29 May 2005

Tasting Notes for May 28, 2005

No real links here, but most of the wines came from one Australian producer, Trever Jones. To fill out the list, there were three wines from Marquis Philips, also Australian. All of the info on the Trever Jones wines can be found here, and I came across a page with brief reviews of the Marquis Philips.

Trever Jones was there to promote his wines, and was an incredibly nice chap. Ruddy complexion, big handlebar moustache, and the thick, calloused hands of a farmer who actually gets his hands dirty. I got to sit with him for a spell while trying the wines, and learned a good bit about Australian winemaking. He hails from the Barossa Valley in South Australia.

Wine 1: 2004 Marquis Philips Holly's Blend. 100% Verdelho, this was a great little wine. Great fruit flavors, and a good sipper for the summer. This is an interesting grape, and a good change of pace from Chardonnay or some of the other big whites. Great bargain, too. $10.
Wine 2: 2004 Trevor Jones Boots White. A blend of Muscat and Riesling, this isn't as sweet as you'd expect, though it's not dry either. I had mixed feelings about this wine, but I know a lot of people who would love it. Might be fun with spicy Asian food. $13.

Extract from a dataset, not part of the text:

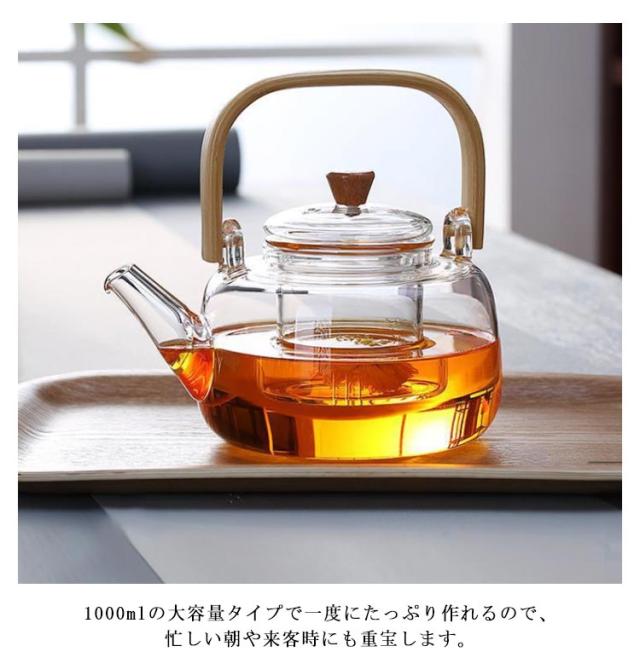 | 直火可能な耐熱ガラスケトル。 耐熱ガラスでできているため、お湯から冷たいお茶までまで入れられるうえ、直火にもかけられます。 竹素材のハンドルはしっかりと握ることができ、液だれしにくい注ぎ口の形も魅力。 ポットに茶こしがついており、カップに注ぐときに茶葉をキャッチするので便利です。 1000mlの大容量タイプで一度にたっぷり作れるので、忙しい朝や来客時にも重宝します。 | |

Wine 3: 2003 Trevor Jones Virgin Chardonnay. I'd never heard of "Virgin" Chardonnay, and the guy pouring the wine didn't know what it was either. This is the best thing about having the winemaker right there. "Hey Trevor, what's Virgin Chardonnay?" His explanation: it's 100% pure Chardonnay, made without oak. But putting "unoaked" or "no oak" on a bottle would sound cheap, so he started calling it Virgin. This wine had good fruit, a soft feel in the mouth, and low acids. While I love unoaked Chardonnay, you can get much better deals from Burgundy. $20.

Wine 4: 2002 Trevor Jones Boots Grenache. A favorite of everyone--this is a Spanish-style Grenache with a little Cabernet Franc mixed in. According to Trevor, this was made from vines that are 70-80 years old. I'd love to eat this with roast pork. It screams for a hearty pork sandwich. $14.

Wine 5: 2000 Trevor Jones Cabernet-Merlot. I didn't think this was very well balanced. There was a lemony acidity to the wine that made it difficult to appreciate the fruit. Might be a bit too old. $38.

Wine 6: 2001 Trevor Jones Dry Grown Shiraz. Good black pepper on the nose, and amazing black cherry flavors on the tongue. A great wine, but a bit steep for me. "Dry grown" means that the grapes were grown without any irrigation or watering, just from the natural rainfall, which tends to result in very low, intense yields. $37.

Wine 7: 2003 Marquis Philips Cabernet Sauvignon. I've had this wine a couple of times before, and have always loved it. Amazing complexity for such a young wine. Soft tannins, a short finish, and delicious dark flavors. $18.

Wine 8: 2003 Marquis Philips Shiraz 9. I first saw this wine a few months ago when I was purchasing a bottle of the above cab sav. The guy at the wine shop pointed out the Shiraz 9, and drew my attention to its 16% alcohol content, though due to the wiggle room in Aussie labeling, it may be as much as 17%. Way too much for a wine. It tasted like a thin port. It's not a bad wine, but I don't know if I'd pay for it, and I think it would be difficult to serve. $37.

Wine 9: Trevor Jones Sparkling Red NV. We were all excited about trying this wine. Unlike some of the Italian red sparklers I've tried, this was not sweet. It's 60% Grenache and 40% Shiraz, with a medium level of fizz. Maybe I'd built it up too much, but I found this wine lacking. There was a good flavor, but it tasted watered down, almost as if you'd taken a Rhone-style wine and diluted it with sparkling mineral water. $18.

Wine 10: Trevor Jones Jonsey Tawny Port NV. The Robert Parker review of this wine gave it 93 points, but falsely claimed that it was 46 years old. In fact, it's four to six years old. It looked more like sherry than port, i.e. dark brown like coffee with no red tint. And it tasted a lot like sherry, probably due to the Pedro Ximenez grape, but it also contains Shiraz and Grenache. A good value, but I don't think I'd buy it. $11.